Мне запомнился клочок серого неба с бегущими низкими тучами и тяжелая, с золотыми погонами на плечах фигура в квадрате раскрытого люка.
Выходили по двое, обняв друг друга за плечи. Ноги медленно ступали по трапу.
- Под распятье идем, - сказал Иван Чарошников, проходя мимо меня. Потом остановился, обдернул бушлат, поправил бескозырку.
- Не на парад, чай, идешь, - сурово проговорил Пушкин. Запнулся. Молча уставился на здоровяка Чарошникова. - Идем, браток, - вздрагивающим голосом закончил бывший хозяин трюмных отсеков.
За ним медленно, с опущенной головой шагал Дмитрий Сивовал. Ослаб духом. Его поддерживали двое товарищей.
Дормидонт долго не выпускал мою руку. Я чувствовал лихорадочное биение крови сквозь жесткую кожу пальцев.
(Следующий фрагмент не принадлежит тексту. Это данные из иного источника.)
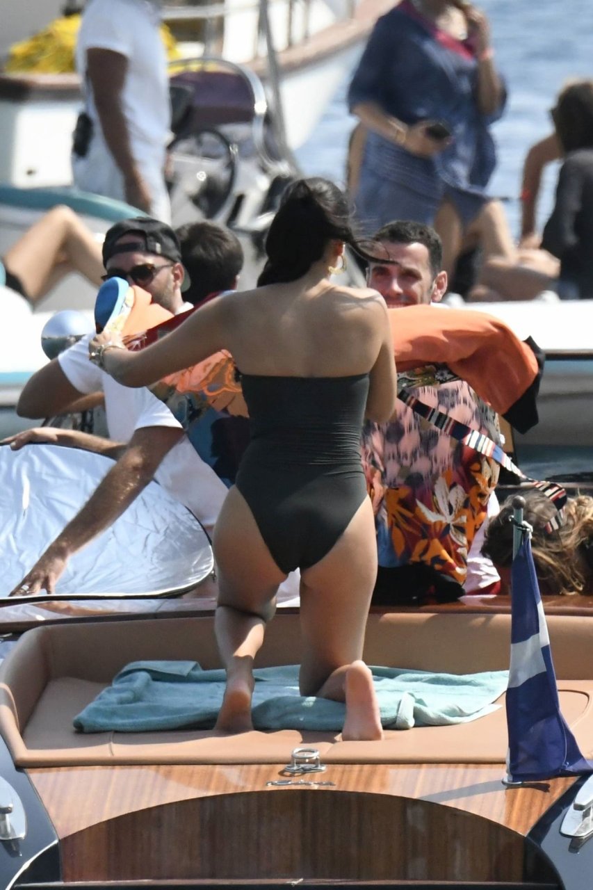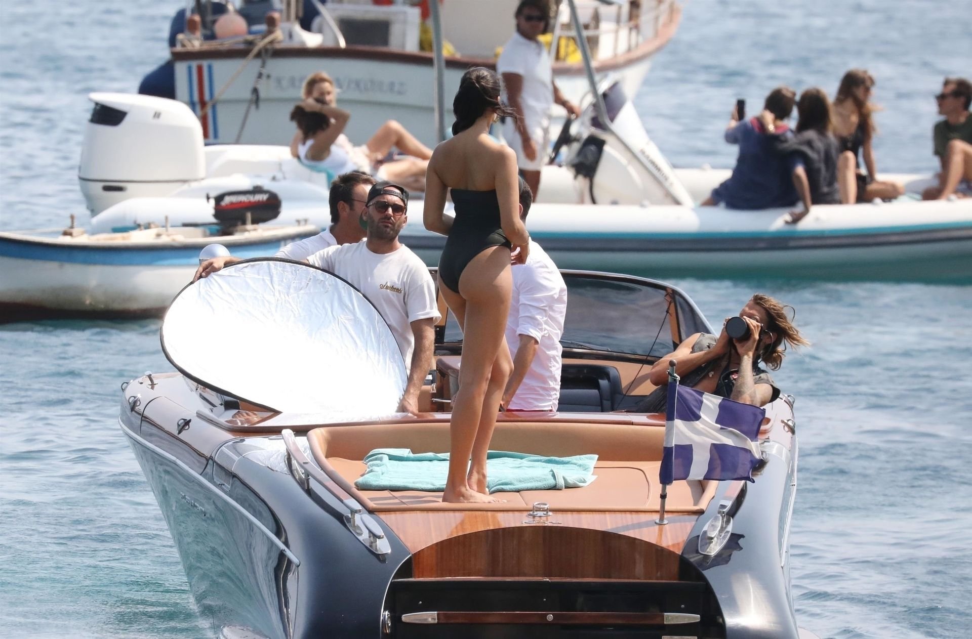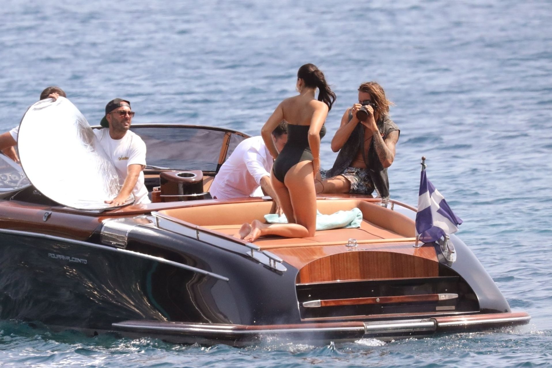 Le mannequin sexy de lingerie Victoria’s Secret, Shanina Shaik, exhibe ses atouts dans un maillot de bain noir sexy alors qu’elle pose sur un bateau sous le soleil grec, filmant une publicité à Nammos, plage de Psarou à Mykonos, le 09/05/2019. L’acteur canadien Nick Bateman a également rejoint Shanina lors du shooting, montrant ses muscles en faisant une balade en jet ski.
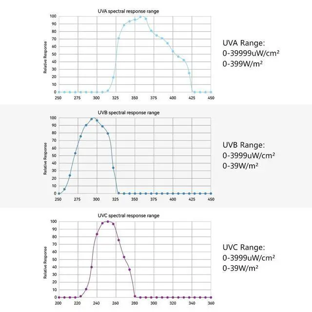 Each sensor is rigorously calibrated under UVB fluorescent, UVC mercury and LED lights. Record the UVI-B, UVI-C, irradiance intensity of UVA and UVC distribution for different points. CE certification. Long time use.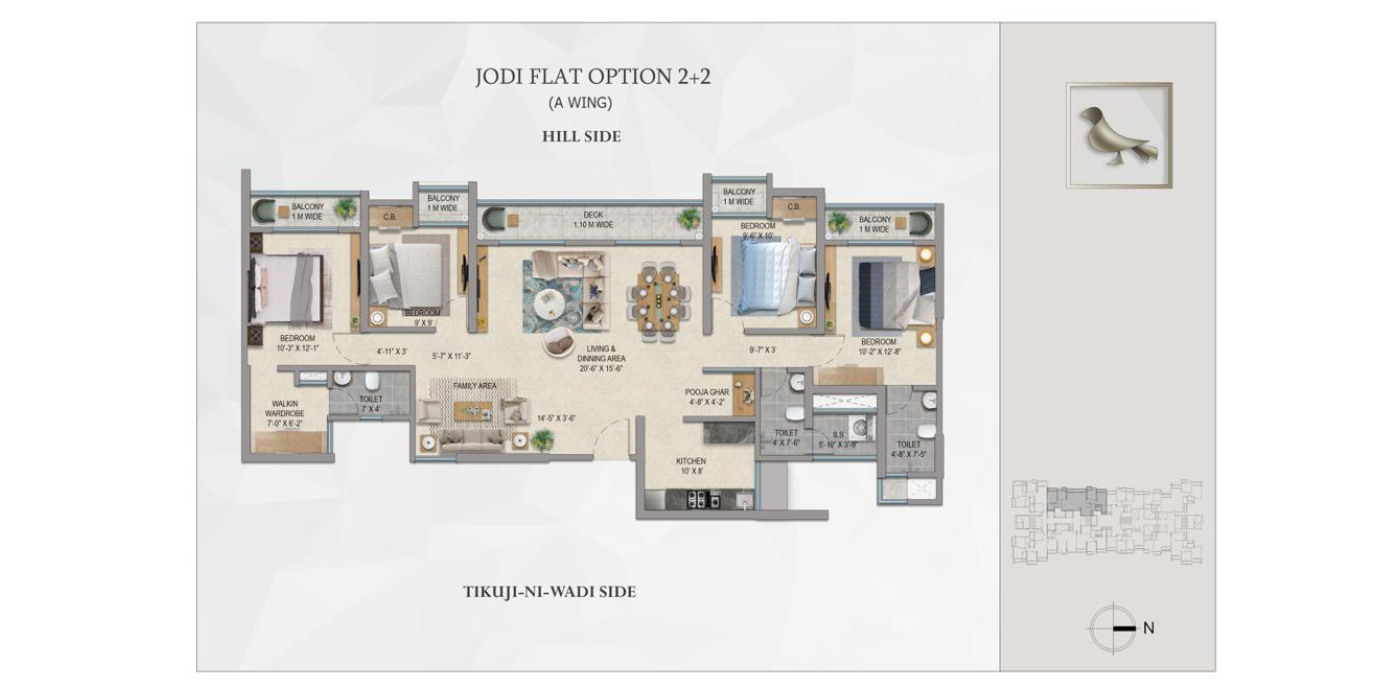 The images and other details herein are only indicative. The Promoter reserves the right to change any or all of these in the interest of the development, as per provision of law. Artist’s impressions are used to illustrate amenities, specifications, images, and other details. Tolerance of +/- 3% is possible in the unit areas on account of design and construction variances. All brands stated are subject to final decision of the project architect. This electronic / printed material does not constitute an offer and/or contract of any type between the Promoter and the recipient. No booking or allotment shall be deemed to have been made on the basis of this electronic / printed material. Any Purchaser / Lessee of this development shall be governed by the terms and conditions of the agreement for sale / lease entered into between the parties, and no details mentioned in this electronic / printed material shall in any way govern such transactions unless as may be otherwise expressly provided in the agreement for sale/lease by the Promoter. The Promoter does not warrant or assume any liability or responsibility for the accuracy or completeness of any information contained herein. This electronic / printed material has been created keeping in mind the provisions of the Real Estate (Regulation and Development) Act, 2016 (RERA) applicable for projects in Maharashtra. You are required to verify all the details, including area, amenities, services, terms of sales and payments and other relevant terms independently with the Promoter’s sales team only, by physically visiting the project site and the authorized website of RERA. You are requested NOT to visit any unauthorized or unverified website/broker (online / offline) to receive any information about any projects of the Promoter and/or its sister concerns. *Terms & Conditions Apply.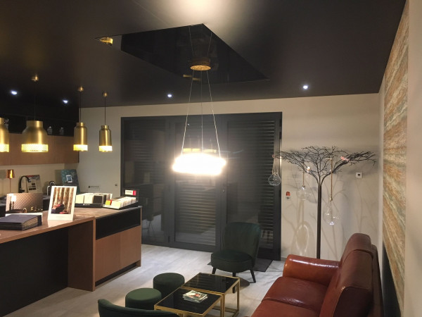 - Яркие тона хороши в нежилых пространствах вроде ресепшенов, клиник красоты, кафе, спортивных клубов. Сочные оттенки как в матовой, так и в глянцевой фактурах привлекают внимание.

Вспомнив что-то, он встряхнул головой, потом снял с себя старую матросскую шинель и отдал мне. Остался в тесном, выгоревшем на солнце бушлате.
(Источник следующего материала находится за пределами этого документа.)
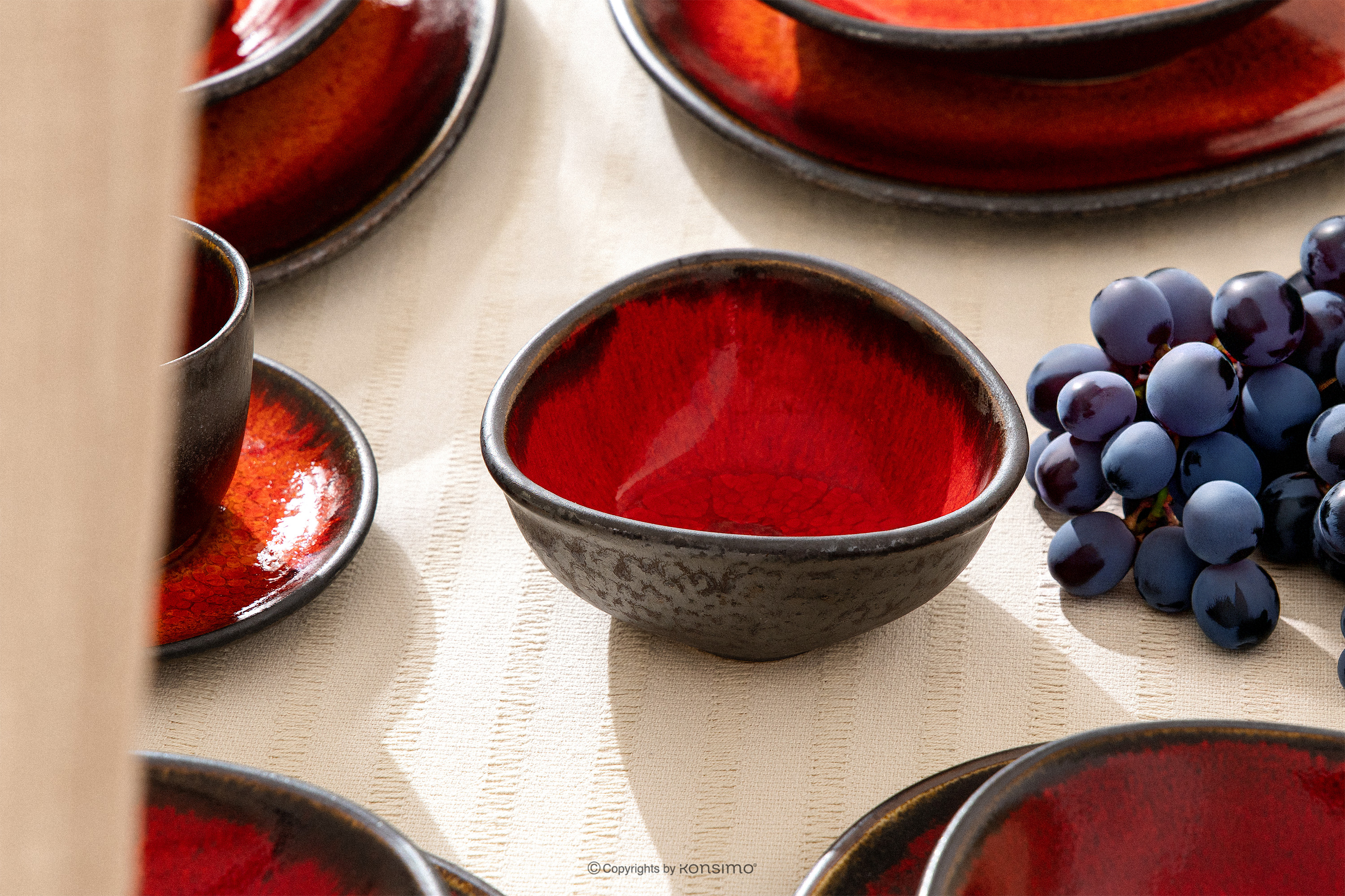 Handglasierte Keramik Salatschüssel 6 Stück rot – die Essenz roher Schönheit und moderner Eleganz, eingefangen in der Form von Gebrauchskeramik. PRIMA wurde für diejenigen geschaffen, die Authentizität und außergewöhnliches Design schätzen, und ist eine Hommage an den Loft-Stil, bei dem Raum, Licht und natürliche Materialien im Vordergrund stehen. Das dominierende helle, gebrochene Beige ist die Farbe der Erde, des Sandes und des Natursteins.

- Моя дорога короткая, а вам еще пригодится, возьмите - глухо проговорил Дормидонт, - а то замерзнете в плаще.
Я не мог спорить с ним. Взял. У трапа он встал. Обернулся.
- Так не забудь же написать, - сказал Дормидонт напоследок.
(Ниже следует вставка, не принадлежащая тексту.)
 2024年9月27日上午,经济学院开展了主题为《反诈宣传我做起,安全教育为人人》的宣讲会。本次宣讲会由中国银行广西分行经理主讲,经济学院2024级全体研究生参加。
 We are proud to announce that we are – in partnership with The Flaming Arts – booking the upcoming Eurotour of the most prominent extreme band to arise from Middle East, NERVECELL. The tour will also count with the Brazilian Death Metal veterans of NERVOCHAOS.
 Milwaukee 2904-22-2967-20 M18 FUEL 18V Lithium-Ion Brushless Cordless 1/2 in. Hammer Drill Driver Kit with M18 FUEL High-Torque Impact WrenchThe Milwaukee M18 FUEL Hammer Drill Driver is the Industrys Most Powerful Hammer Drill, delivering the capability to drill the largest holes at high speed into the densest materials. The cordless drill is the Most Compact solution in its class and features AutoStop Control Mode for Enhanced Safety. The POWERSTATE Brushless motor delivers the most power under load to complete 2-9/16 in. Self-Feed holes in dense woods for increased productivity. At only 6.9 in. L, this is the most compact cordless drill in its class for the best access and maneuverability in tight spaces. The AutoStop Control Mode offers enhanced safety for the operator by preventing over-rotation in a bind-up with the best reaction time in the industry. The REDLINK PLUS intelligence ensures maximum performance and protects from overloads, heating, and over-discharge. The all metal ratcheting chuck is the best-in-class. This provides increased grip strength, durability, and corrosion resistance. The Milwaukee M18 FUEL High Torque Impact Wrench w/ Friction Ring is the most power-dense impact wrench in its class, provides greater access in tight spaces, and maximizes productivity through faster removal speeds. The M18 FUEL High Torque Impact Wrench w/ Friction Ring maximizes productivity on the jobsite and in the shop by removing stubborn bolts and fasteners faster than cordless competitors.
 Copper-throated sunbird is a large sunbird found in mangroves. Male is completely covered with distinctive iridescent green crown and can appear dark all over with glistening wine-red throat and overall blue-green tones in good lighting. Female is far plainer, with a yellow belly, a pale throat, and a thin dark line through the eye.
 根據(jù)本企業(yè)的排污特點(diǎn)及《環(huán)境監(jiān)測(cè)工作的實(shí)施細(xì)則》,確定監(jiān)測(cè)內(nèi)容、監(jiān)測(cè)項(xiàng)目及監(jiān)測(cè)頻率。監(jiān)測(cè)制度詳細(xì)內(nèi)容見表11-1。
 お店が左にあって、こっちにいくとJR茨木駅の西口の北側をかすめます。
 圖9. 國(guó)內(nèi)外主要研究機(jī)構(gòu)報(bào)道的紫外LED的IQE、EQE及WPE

Трюм опустел. Я забился, как в детстве, в темный угол, чтобы быть подальше от людей. За моей спиной громко, никого не стесняясь, плакал матрос.
Мерно качнулась тюрьма. От борта отошел миноносец.
14
Из трюма "Колымы" меня перевели на миноносец "Усердный", доставивший на остров солдат и священника. Корабль стоял у Угольной стенки, притихший, как хищник, пожравший жертву. В форпике, куда меня поместили, было тесно от банок, бочек и швабр; пахло смолой, пенькой и краской. Чтобы я не задохнулся, люк не закрывали.
Охранял солдат из роты Десятого полка. Курносый новобранец в длинной, неловко сидящей шинели невидящим взглядом смотрел куда-то - мимо причала, сопок и голых деревьев. Молчал. Я пытался заговорить с ним. Солдат резко и зло обрывал меня, отворачивал рябоватое лицо с белесыми веками.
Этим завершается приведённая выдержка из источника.